The image of the home page of the tarantinonfts.com site
In the meantime, Miramax brought legal proceedings in the United States against Tarantino for trademark and copyright infringement. The director claims that while Miramax does hold copyrights on the film, such rights do not extend to the screenplay, therefore the signed contract does not prevent him from producing and marketing the disputed NFTs.
Clearly NFTs are creating entirely new situations in which intellectual property rules may be hard to enforce especially where registrations, protection, agreements and contracts were put in place before the market potential of NFTs emerged.
Update the protection of trademarks, designs and any contracts
It is hard to foresee how long the NFT phenomenon may last, but in general it is clear that the massive investments in new virtual platforms (see for example the recent CNBC interview with Mark Zuckerberg) are aimed above all at offering companies more and new commercial and branding opportunities, which are bound to bring new challenges for the protection of intellectual property.
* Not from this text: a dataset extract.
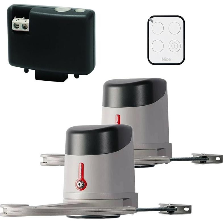 Комплект для распашных ворот HKHSBDKLT. Состав комплекта: привод HK7024HS (1 шт.), привод HK7224HS (1 шт.), приёмник OXIBD (1 шт.), пульт управления INTI2R (2 шт.)

As already highlighted in our recent article The metaverse, trademarks and intellectual property: opportunities and risks, it is therefore increasingly advisable to consider extending the protection of registered trademarks and designs to cover virtual products and services as well as NFTs: thousands of companies that have already done so, including Nike itself.
Measures to be considered include:
- monitoring use by third parties of brands on virtual platforms
- examining aspects of protection relating to domain names
- assessing the need to update existing agreements and contracts based on new digital realities.
Of course adopting further measures and strategies may be advisable case by case.